» What is needed: Would it be possible to output exactly, and only, the lines below from the one holding "Otkrijte svijet detalja" to the last line, both included, with every picture left out?

» Data extract:
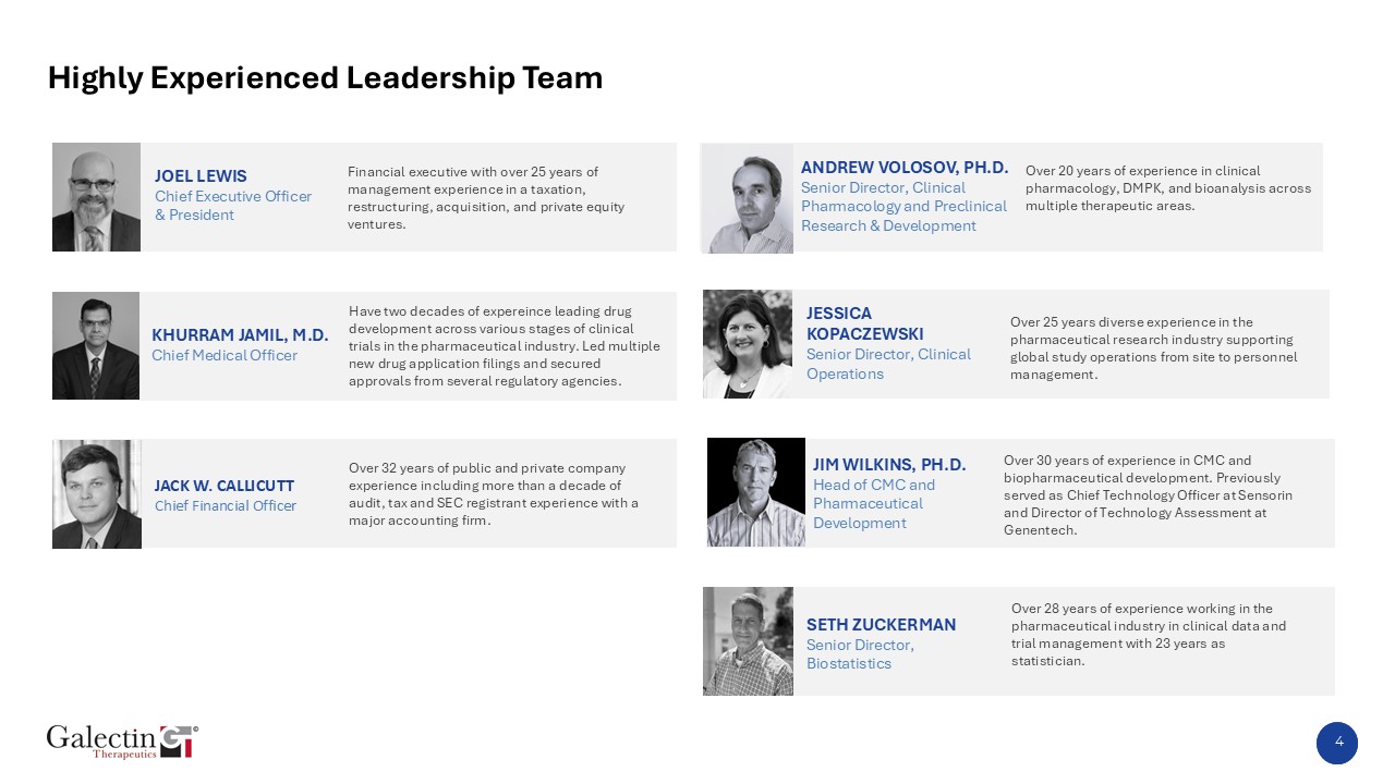 Belapectin is a novel, potent, galectin-3 inhibitor with Fast Track Designation  Low toxicity as a carbohydrate-based molecule which is degraded by natural processes   Patent protection through 2032  Only company to exclusively focus on treatment for MASH cirrhosis and portal hypertension  Significant efficacy observed in cirrhotic patients without varices  Promising NAVIGATE results at 18 month read out, ≥40% reduction in new varices vs placebo in ITT; significantly lower incidence of new varices in per protocol population  Encouraging clinical response in difficult-to-treat cancers in combination with checkpoint inhibitor  IND filed and approval to proceed received from FDA (Head & Neck cancer)  Developing galectin-based therapeutics to improve the lives of patients with chronic liver diseases and cancer  Focused Pipeline  MASH Cirrhosis  Oncology (Combination Therapy)  3  Investment Highlights
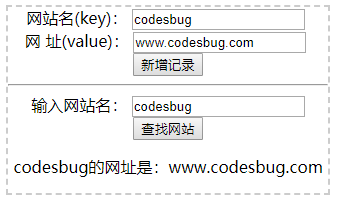 实例解析:- 使用 key="sitename" 和 value="CodesBug教程" 创建一个 localStorage 键/值对。
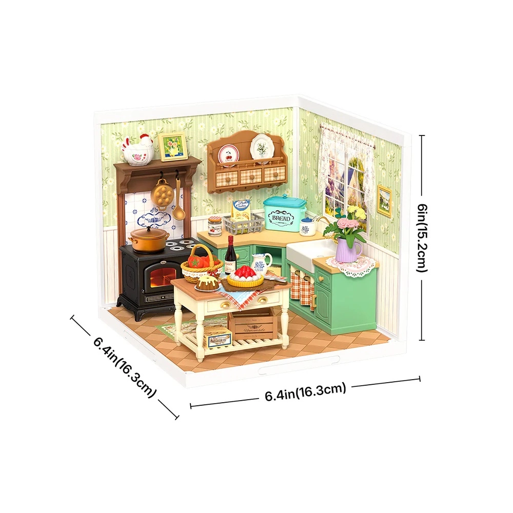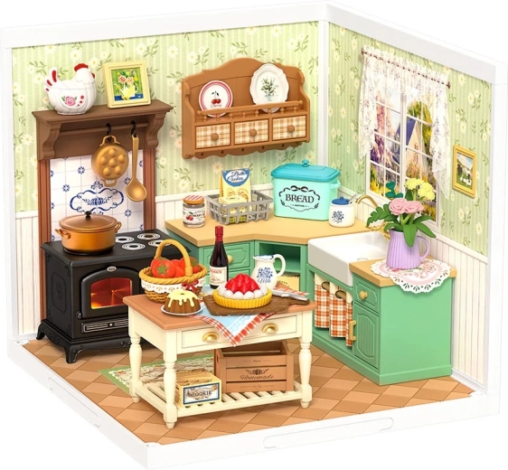 Otkrijte svijet detalja i ugode u minijaturi. Ovaj precizni DIY set vodi vas kroz izradu seoske kuhinje sa štednjakom, sudoperom, otokom i mnoštvom realističnih dodataka. Zahvaljujući LED osvjetljenju istaknut će se svaki komad namještaja i dekoracije, a gotov model postat će dojmljiv ukras police ili radnog kutka.
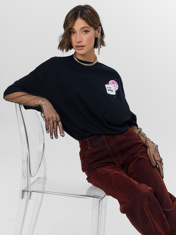 Удлиненный крой, свободная посадка и спущенная линия плеч создают расслабленный образ и подчеркивают актуальность модели. Широкие рукава длиной чуть выше локтя добавляют объема и свободы движений.

» Solved exercise:
 Otkrijte svijet detalja i ugode u minijaturi. Ovaj precizni DIY set vodi vas kroz izradu seoske kuhinje sa štednjakom, sudoperom, otokom i mnoštvom realističnih dodataka. Zahvaljujući LED osvjetljenju istaknut će se svaki komad namještaja i dekoracije, a gotov model postat će dojmljiv ukras police ili radnog kutka.
 Удлиненный крой, свободная посадка и спущенная линия плеч создают расслабленный образ и подчеркивают актуальность модели. Широкие рукава длиной чуть выше локтя добавляют объема и свободы движений.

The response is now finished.